What you are asked to do | Pictures must not appear in the copy. Restate exactly the lines below from the one with "This enchanting fabric" through the one with "Roberto Barros, director", inclusive.

Input |

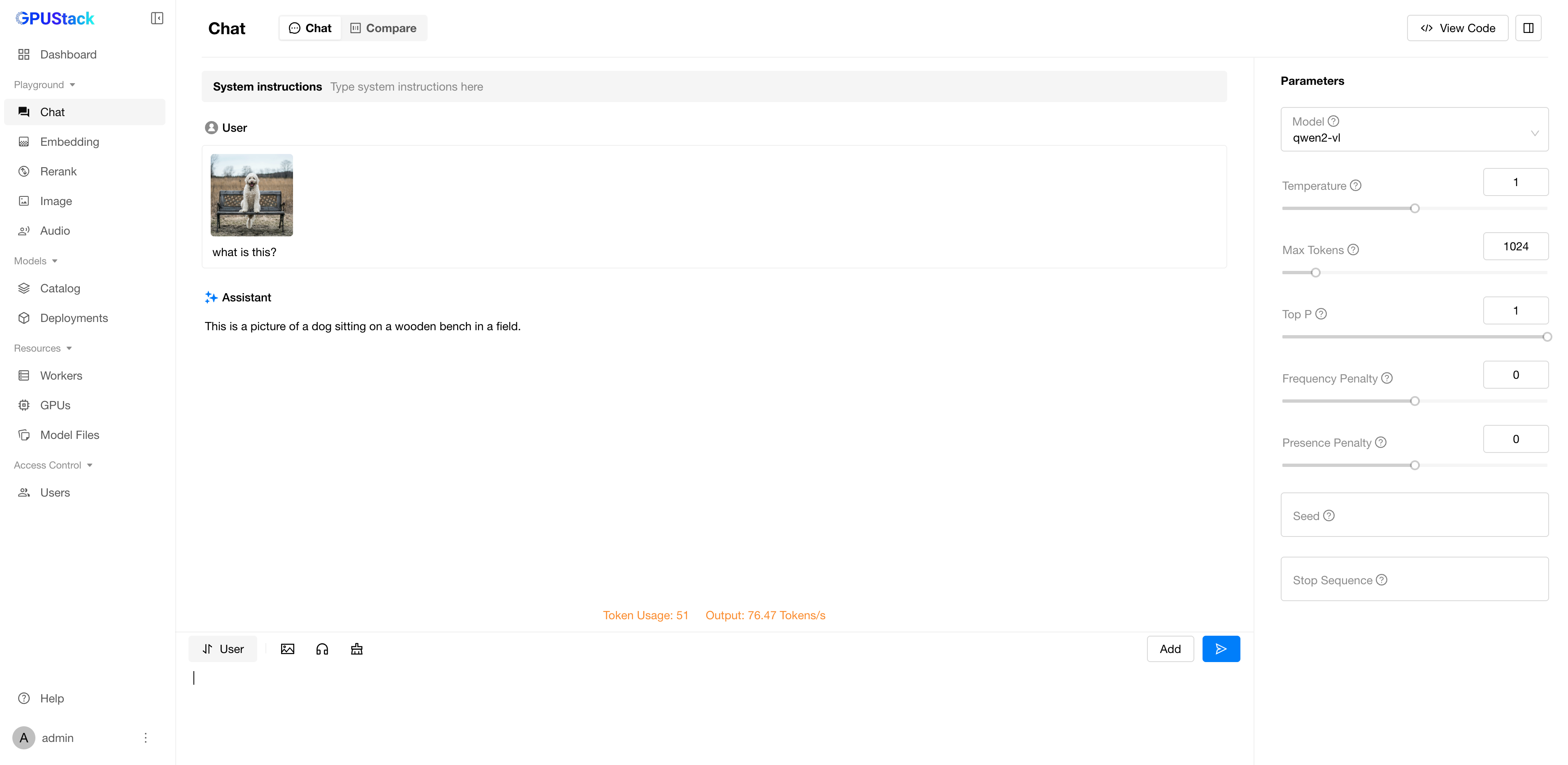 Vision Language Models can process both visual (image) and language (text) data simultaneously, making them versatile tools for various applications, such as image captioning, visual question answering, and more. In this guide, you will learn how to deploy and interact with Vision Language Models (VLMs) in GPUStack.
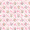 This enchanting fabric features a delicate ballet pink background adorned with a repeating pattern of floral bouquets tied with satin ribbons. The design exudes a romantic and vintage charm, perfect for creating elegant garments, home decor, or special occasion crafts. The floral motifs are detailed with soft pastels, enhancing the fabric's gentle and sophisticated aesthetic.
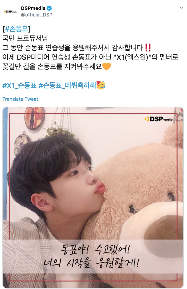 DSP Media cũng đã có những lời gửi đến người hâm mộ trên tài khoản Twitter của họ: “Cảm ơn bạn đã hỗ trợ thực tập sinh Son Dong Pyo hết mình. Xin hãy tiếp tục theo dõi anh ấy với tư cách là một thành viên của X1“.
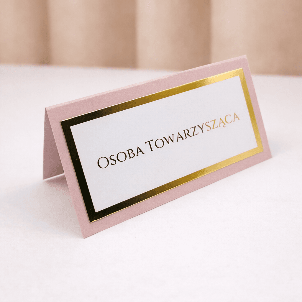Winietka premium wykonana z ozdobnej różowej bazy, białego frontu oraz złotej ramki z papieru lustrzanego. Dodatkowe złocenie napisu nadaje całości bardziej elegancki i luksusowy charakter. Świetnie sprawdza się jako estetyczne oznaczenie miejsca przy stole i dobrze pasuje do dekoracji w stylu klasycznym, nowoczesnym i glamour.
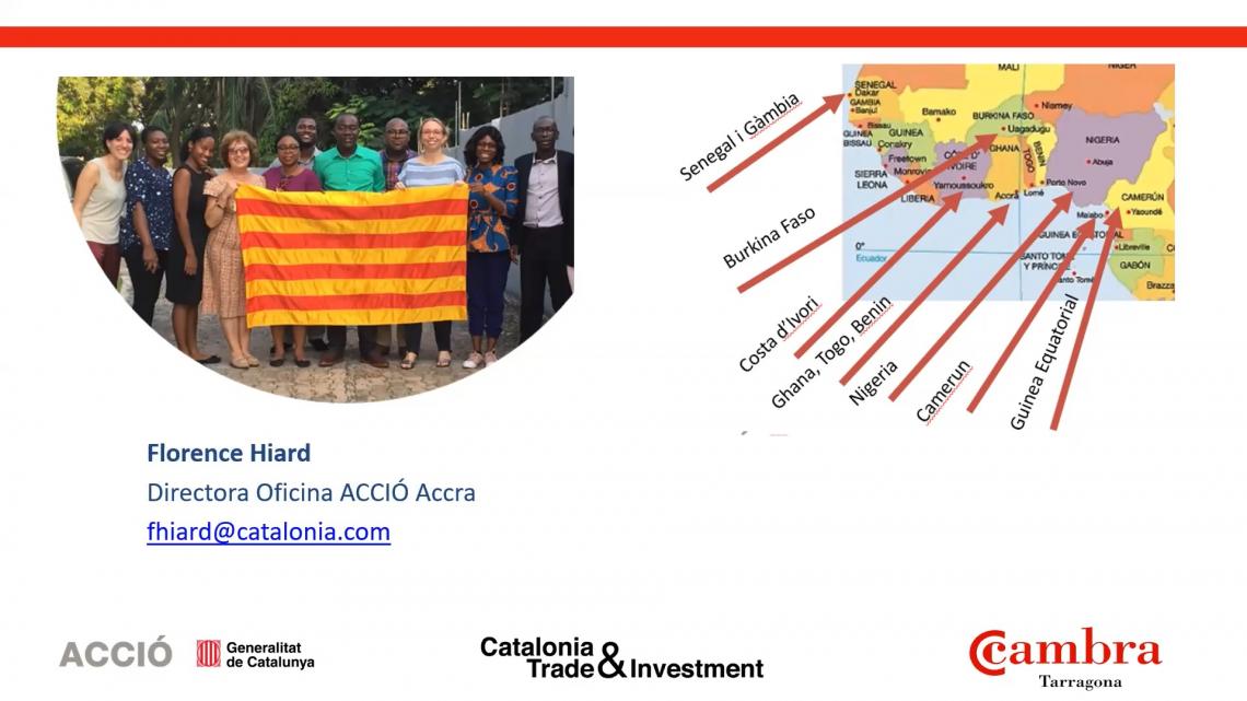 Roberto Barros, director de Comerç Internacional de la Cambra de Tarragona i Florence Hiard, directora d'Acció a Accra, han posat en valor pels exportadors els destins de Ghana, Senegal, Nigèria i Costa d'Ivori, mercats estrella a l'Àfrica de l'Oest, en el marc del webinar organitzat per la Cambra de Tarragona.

==

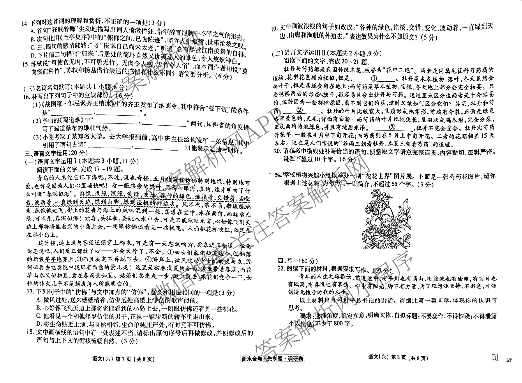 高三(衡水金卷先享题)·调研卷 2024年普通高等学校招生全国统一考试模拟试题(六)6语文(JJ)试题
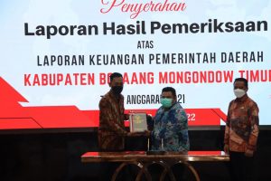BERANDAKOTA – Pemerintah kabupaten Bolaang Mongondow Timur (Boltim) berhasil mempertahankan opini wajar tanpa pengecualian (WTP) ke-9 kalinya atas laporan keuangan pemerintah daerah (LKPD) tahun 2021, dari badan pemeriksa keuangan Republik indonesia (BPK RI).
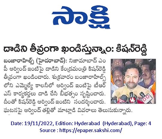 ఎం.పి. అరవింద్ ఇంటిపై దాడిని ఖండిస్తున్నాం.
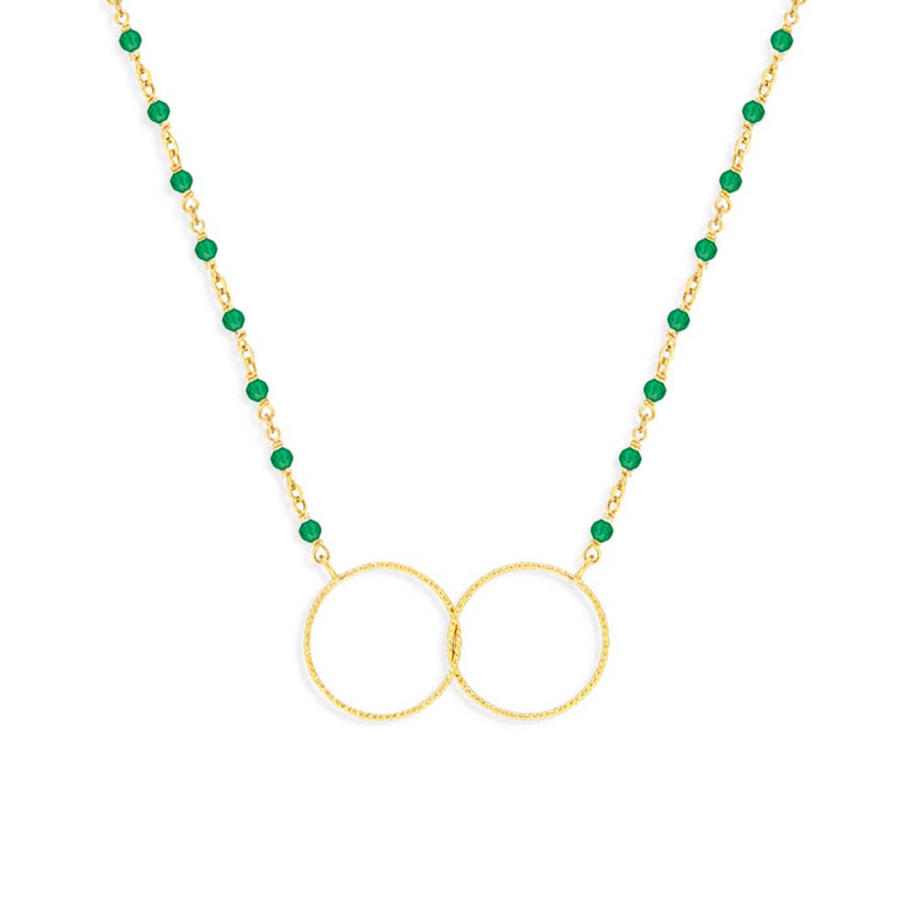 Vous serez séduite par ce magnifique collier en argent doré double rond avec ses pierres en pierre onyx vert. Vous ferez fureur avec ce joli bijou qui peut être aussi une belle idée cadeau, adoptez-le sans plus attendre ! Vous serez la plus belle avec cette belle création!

...

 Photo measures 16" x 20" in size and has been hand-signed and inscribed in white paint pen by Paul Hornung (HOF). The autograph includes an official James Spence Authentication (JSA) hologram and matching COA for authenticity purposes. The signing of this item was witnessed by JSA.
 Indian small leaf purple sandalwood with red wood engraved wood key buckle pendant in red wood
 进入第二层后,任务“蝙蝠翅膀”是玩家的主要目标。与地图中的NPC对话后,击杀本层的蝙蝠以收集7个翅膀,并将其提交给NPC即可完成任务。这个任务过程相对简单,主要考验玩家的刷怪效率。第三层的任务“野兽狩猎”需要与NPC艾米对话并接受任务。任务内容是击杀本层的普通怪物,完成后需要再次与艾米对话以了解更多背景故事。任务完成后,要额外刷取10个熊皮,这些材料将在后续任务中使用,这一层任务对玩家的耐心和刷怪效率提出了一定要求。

Task result |
 This enchanting fabric features a delicate ballet pink background adorned with a repeating pattern of floral bouquets tied with satin ribbons. The design exudes a romantic and vintage charm, perfect for creating elegant garments, home decor, or special occasion crafts. The floral motifs are detailed with soft pastels, enhancing the fabric's gentle and sophisticated aesthetic.
 DSP Media cũng đã có những lời gửi đến người hâm mộ trên tài khoản Twitter của họ: “Cảm ơn bạn đã hỗ trợ thực tập sinh Son Dong Pyo hết mình. Xin hãy tiếp tục theo dõi anh ấy với tư cách là một thành viên của X1“.
Winietka premium wykonana z ozdobnej różowej bazy, białego frontu oraz złotej ramki z papieru lustrzanego. Dodatkowe złocenie napisu nadaje całości bardziej elegancki i luksusowy charakter. Świetnie sprawdza się jako estetyczne oznaczenie miejsca przy stole i dobrze pasuje do dekoracji w stylu klasycznym, nowoczesnym i glamour.
 Roberto Barros, director de Comerç Internacional de la Cambra de Tarragona i Florence Hiard, directora d'Acció a Accra, han posat en valor pels exportadors els destins de Ghana, Senegal, Nigèria i Costa d'Ivori, mercats estrella a l'Àfrica de l'Oest, en el marc del webinar organitzat per la Cambra de Tarragona.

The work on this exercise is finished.